**Given information:**
• • • • •
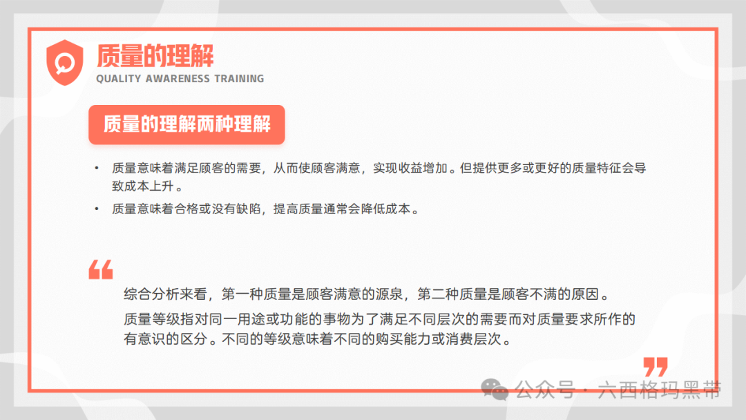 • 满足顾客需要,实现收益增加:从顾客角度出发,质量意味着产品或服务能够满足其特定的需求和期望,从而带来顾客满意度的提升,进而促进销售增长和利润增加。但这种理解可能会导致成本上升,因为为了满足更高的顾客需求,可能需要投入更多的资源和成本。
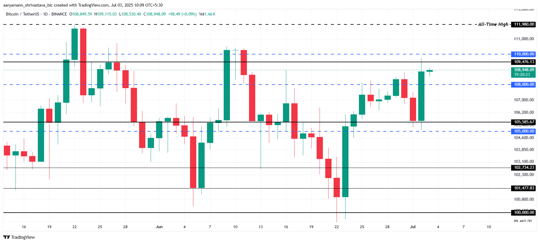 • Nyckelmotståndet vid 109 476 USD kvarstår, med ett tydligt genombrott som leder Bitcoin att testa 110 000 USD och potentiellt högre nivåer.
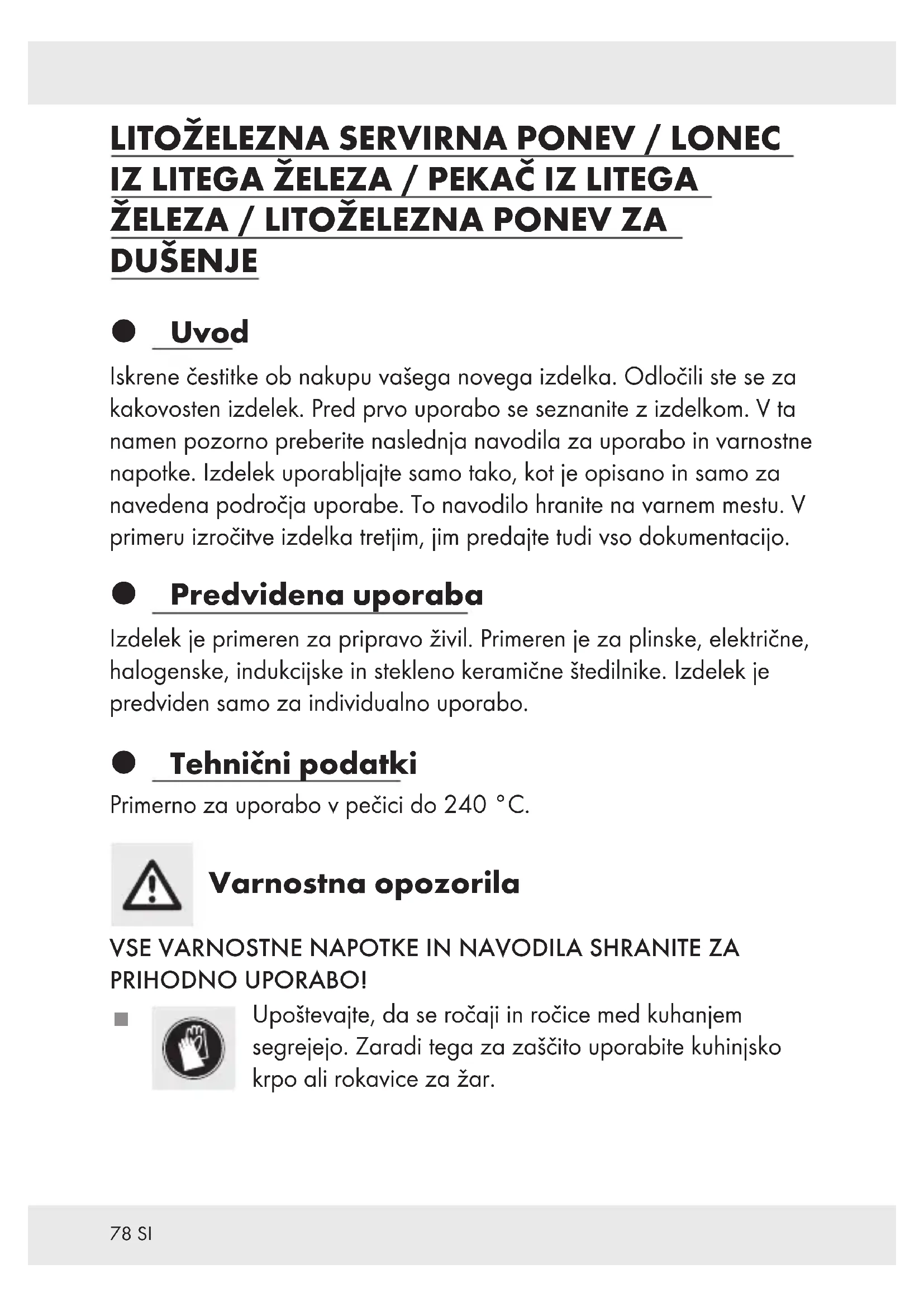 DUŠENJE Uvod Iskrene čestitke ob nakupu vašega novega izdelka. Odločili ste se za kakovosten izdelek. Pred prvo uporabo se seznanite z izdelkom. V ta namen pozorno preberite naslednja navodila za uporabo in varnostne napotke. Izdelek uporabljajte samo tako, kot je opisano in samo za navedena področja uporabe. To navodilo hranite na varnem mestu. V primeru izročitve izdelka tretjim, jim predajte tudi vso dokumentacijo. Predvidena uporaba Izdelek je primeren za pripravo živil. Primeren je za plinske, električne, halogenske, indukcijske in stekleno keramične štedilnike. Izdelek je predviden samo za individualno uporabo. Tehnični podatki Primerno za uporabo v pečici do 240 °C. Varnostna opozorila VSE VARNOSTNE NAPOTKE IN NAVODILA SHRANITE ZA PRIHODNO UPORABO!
• • • • •
**Task objective:** Print out the complete listing above exactly, dropping each image.

**Exercise solution:**
 • 满足顾客需要,实现收益增加:从顾客角度出发,质量意味着产品或服务能够满足其特定的需求和期望,从而带来顾客满意度的提升,进而促进销售增长和利润增加。但这种理解可能会导致成本上升,因为为了满足更高的顾客需求,可能需要投入更多的资源和成本。
 • Nyckelmotståndet vid 109 476 USD kvarstår, med ett tydligt genombrott som leder Bitcoin att testa 110 000 USD och potentiellt högre nivåer.
 DUŠENJE Uvod Iskrene čestitke ob nakupu vašega novega izdelka. Odločili ste se za kakovosten izdelek. Pred prvo uporabo se seznanite z izdelkom. V ta namen pozorno preberite naslednja navodila za uporabo in varnostne napotke. Izdelek uporabljajte samo tako, kot je opisano in samo za navedena področja uporabe. To navodilo hranite na varnem mestu. V primeru izročitve izdelka tretjim, jim predajte tudi vso dokumentacijo. Predvidena uporaba Izdelek je primeren za pripravo živil. Primeren je za plinske, električne, halogenske, indukcijske in stekleno keramične štedilnike. Izdelek je predviden samo za individualno uporabo. Tehnični podatki Primerno za uporabo v pečici do 240 °C. Varnostna opozorila VSE VARNOSTNE NAPOTKE IN NAVODILA SHRANITE ZA PRIHODNO UPORABO!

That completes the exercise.